The changes have little to do with News Ltd's softening the hostility of its rolling anti-Labor campaign, or its unease and anxiety about the current Finkelstein media inquiry.
You can see the anxiety surfacing in Nicolas Rothwell's The media inquiry masks government's hidden agenda. Rothwell's language is emotionally charged and extreme, given Margaret Simon's interpretation of the first few days of the media inquiry.
Rothwell's language includes: 'the federal government's "independent" media inquiry; a kangaroo court; pre-ordain the result; state power must, in tactful fashion, conceal its grip; the new mood of moral correctness abroad in our age; an inquisition.' Rothwell says:
For an Australian government to countenance regulation of the media or intervention in its markets is to assault the fabric of the nation: doubly.

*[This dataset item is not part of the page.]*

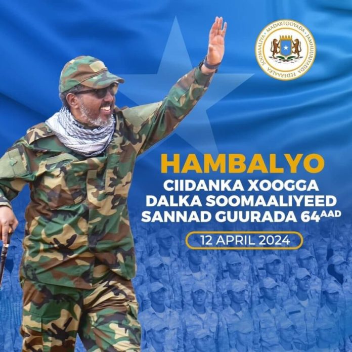 -Madaxweynaha Jamhuuriyadda Federaalka Soomaaliya Mudane Xasan Sheekh Maxamuud ayaa ugu hambalyeeyay saraakiisha, saraakiil-xigeennada, aliflayda, dableyda, dhammaan qeybaha kala duwan ee Ciidanka Xoogga Dalka iyo qoysaskooda sannaD guurada 64-aad ee ka soo wareegtay aasaaska Ciidanka Xoogga dalka Soomaaliyeed.

It is plain that Western secular democracies have developed in tandem with a free press, and the removal of press freedom tends to result in the swift erosion of personal freedoms...Swirling about the margins of the present inquiry one can make out a set of half-veiled reform projects - for subsidising portions of the independent media, for limiting ownership, even for licensing media outlets, and all these schemes are justified on the grounds that they would improve the probity and health of the resultant information flow.
The paranoia about the state trampling all over press freedom obscures the excellent points that Rothwell makes about the transformation of the mediascape, namely that the modern media culture, sceptical, bullying and inquisitorial, is in great part a culture developed in response to the conduct of the state, and intertwined with it.

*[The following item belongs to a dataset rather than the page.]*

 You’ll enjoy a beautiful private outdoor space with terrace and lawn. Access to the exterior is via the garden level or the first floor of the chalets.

Much about today's media, especially the political coverage, is the result of a generation-long transformation in the nature of government and its propaganda. Roughly from the time of the Vietnam War and Watergate, all Western governments and their associated bureaucracies have armed themselves with the weapons of advertising and the techniques of persuasion, in a bid to cope with the inquisitorial pressures of the media realm.

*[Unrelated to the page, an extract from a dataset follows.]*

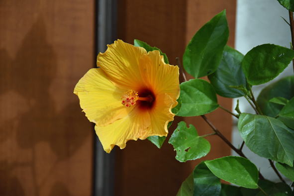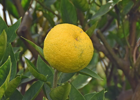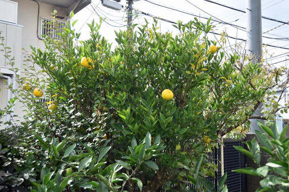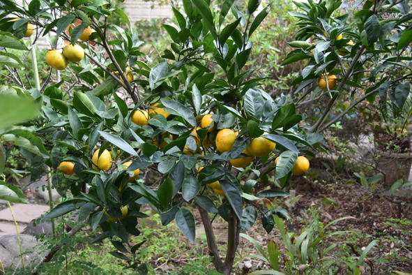 ムクゲは黄色。 今年は酢橘、沢山実をつけました。

This is one of the defining shifts in public life over the past four decades. The media no longer merely reports, and the government no longer informs. The media, rather, probes, and the government quietly throws them off the scent and seeks to entrench its own preferred lines.... For all today's governmental communication is in essence publicly funded propaganda, a panoply of sweetly scented, prepackaged spin, designed to sway the media, and wholly parasitic on the media's existence.
Rothwell says that today it is often hard to make out the policy for the chaff and rhetoric: the prevailing landscape is one of artifice and secrecy. He points every finger at the state for restricting the free flow of official information. The media are merely reacting to the state's communication regime of artifice and secrecy.
Rothwell goes so far as to say that:
At a further remove from governments, but under its influence, and dependent on state largesse, are the think tanks, expert groups and academic departments that generate reports for the bureaucracy, and lend a veneer of independent authority to new policy initiatives. The lines here, between research and advocacy, between public and private, are very hard to draw.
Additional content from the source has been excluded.